New School News

Awards from the 2020 Regional Championship and National Qualifier, hosted on The New School campus
Awards from the 2020 Regional Championship and National Qualifier, hosted on The New School campus

New School Debate Approaches Research and Policy Through the Lens of Social Justice

This year marks the 25th anniversary of New School Debate, which has represented The New School in intercollegiate competition since 1996. A program of the Office of Civic Engagement and Social Justice at Eugene Lang College of Liberal Arts, it is open to all degree-seeking undergraduates interested in learning to conduct research on policy questions and to debate employing  the lens of social justice.

“We approach debate from a social justice perspective, looking at it as a way to understand power structures and how to make change from within them,” says Vik Keenan, Eugene Lang College lecturer and coach of the debate team since 2015. “Our vision for the team is very particular. For us, it is not just about winning trophies or arguing about topical issues; every argument or research investigation that we do is grounded within social justice.”

The New School Debate team is composed of 13 competing members along with a few non-competing members. Although the team is small, it has racked up a number of wins and speaker awards. At the recent Northeast Regional Championship and National Qualifier, novice debaters Quinn Kowitt, Journalism + Design ’21, and Adina Karp, Journalism + Design ’21, were respectively ranked the fourth and second speakers. In the JV section, Maya Wilson, The Arts ’21, was ranked the ninth speaker, and Noor Lima Boudakian, Global Studies and Economics ’23, took home the third speaker ranking, placing just behind the tournament champions from Boston College.

T­­he team attracts a wide swath of students — some passionate about social justice issues, while the research aspect of debate appeals to others considering PhD programs. “The debate team is a research nerd’s dream come true,” says Karp. “You get assigned a random theme and create a story around that through research — I love that.” 

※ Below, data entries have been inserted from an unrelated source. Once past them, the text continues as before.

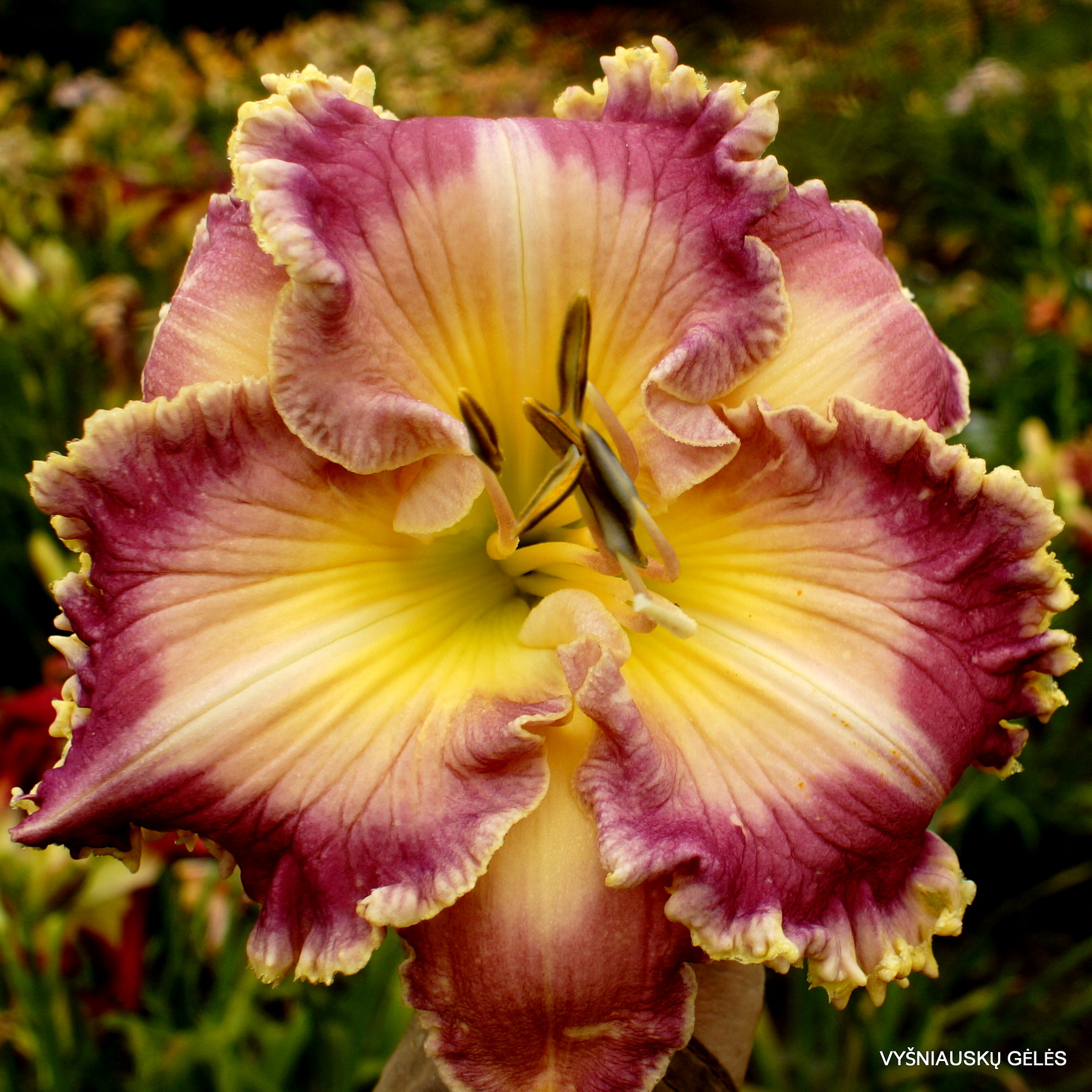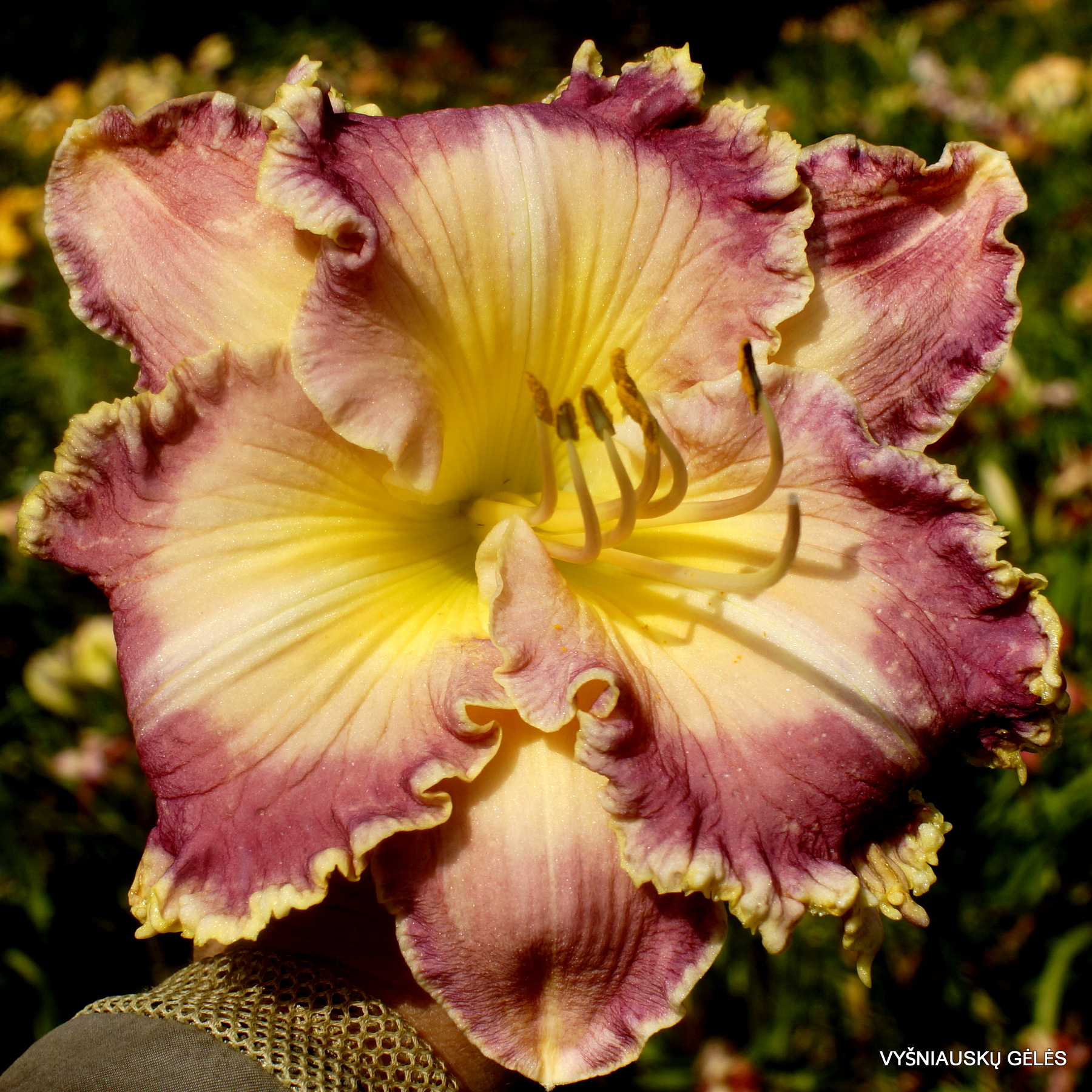 Žiedai vidutinio dydžio (14 cm skersmens) alyviškai rožiniai su labai dideliu vandenženkliu ir kreminiu garbanotu apvadu.
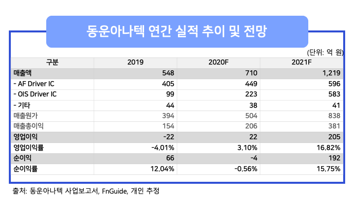 2020년은 OIS Driver IC 매출이 늘면서 전체 710억원이 예상되며, 영업이익은 22억원이 예상되고 있습니다.
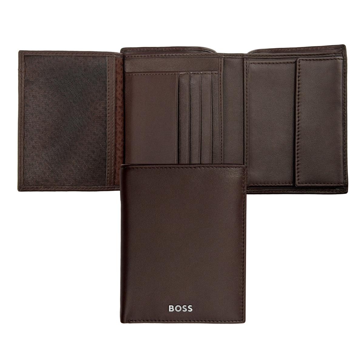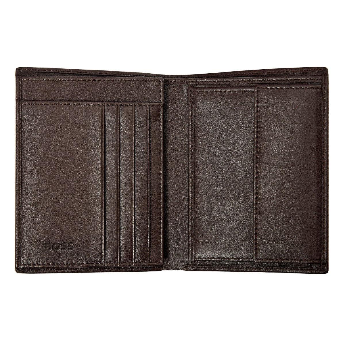 Δερμάτινο HUGO BOSS ανδρικό πορτοφόλι σε καφέ χρώμα με 8 θέσεις πιστωτικών καρτών, 2 χώρους για χαρτονομίσματα, 1 θήκη με διαφάνεια ,θήκη για κέρματα και 4 επιπλέον χώρους.
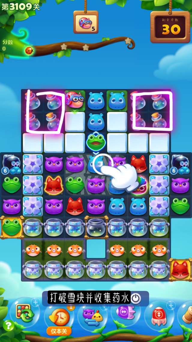 开心消消乐第3109关怎么打?开心消消乐是消除Q萌可爱的小动物们,将三个及以上相同颜色的小动物连成一条直线即可消除,老少皆宜!不会闯关的玩家快来看看G7小编带来的第3109关攻略吧!
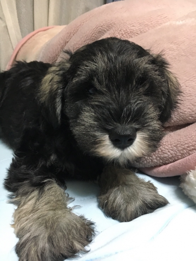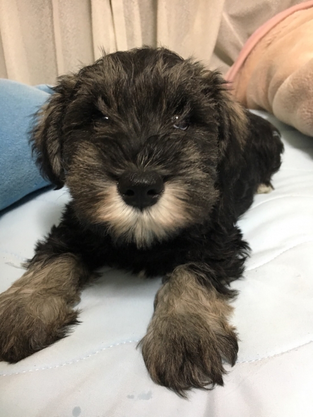| コメント | 温和で大人しい性格の両親犬です、きっとこの仔も良い仔になります。 小さめですが、元気にご飯も食べます!! 両親情報 パパ ソルト&ペッパーママ ブラック&シルバー お顔立ちは整っています。 まだ表情が幼いですが毛が伸びてくると可愛くなると思います。 |

It also attracts students considering becoming attorneys and policymakers, who are interested in learning how to develop concepts and arguments, skills that will be useful in their careers. “I’m very interested in going into law or politics,” says Kat (Katrina) Butler, Politics and Economics ’23. “While I’ve always had an interest in debate, my high school never had a steady debate program. When I found out The New School had a debate team, I figured I would go to a meeting and find out what it’s about.” She’s now wrapping up her second year with the team and preparing for her 14th tournament. “I’ve always loved arguing — my family could tell you all about it — and I love being able to home in on my actual argumentation skills and learn how to debate issues in the most effective manner.”

While participants develop solid analytical and practical skills in argumentation, advocacy, policy analysis, and public speaking, they are also drawn to the community found within the team. “I love the community of tournaments and the interpersonal relationships it allows for — to have such incredible connections with people from other universities,” says Lima Boudakian. “I think that the community on the debate team is unlike any other, from the nature of what we do and the way that we are able to know each other.”

Although the COVID-19 pandemic interrupted the debate season one year ago, Keenan was eager to keep the team together online, knowing that the culture and community is a boon for students. “Since so many students stay on the team because of the culture and sense of community that we have, normalizing the community online was a big priority for us,” she says. “Our team met online almost every week last summer. We used that period for returning participants to learn how debate would look and feel in the online environment, so that by the time they started competing again in September, they were comfortable and had preferences in the style of online tournaments they wanted to join.”

Adds Karp, “Aside from the thrill of competition, what I enjoy most, or even more, to be honest, is the weekly team meeting. I think especially over the past year, the routine of logging on to a Zoom which I don’t dread but actually look forward to has been a blessing.” 

In addition to taking part directly in debates, many of the students serve as judges for New York City debate programs. These include the Success Academy Debate League, a middle school league in New York City, and the New York City Urban Debate League, which works to increase access for all students to debate programs. “Part of the social justice commitment is making sure debate is a viable activity but also creates sustainable choices for students that meet real needs,” says Keenan.  

Keenan values the interpersonal skills and self-confidence built by debate as well as its educational benefits. “Debate reinforces that it is OK to be passionate about something you think needs to change. Particularly for women and young women of color, it is OK to embrace joy, anger, passion, or whatever emotional resonance they feel that is tied to the actions they take,” she says. “A big part of what we do is talk about the ways we are perceived because of social location and the ways we can use that to our advantage — and the ways we can use techniques to deal with other people’s internalized notions of how we are supposed to look and sound.”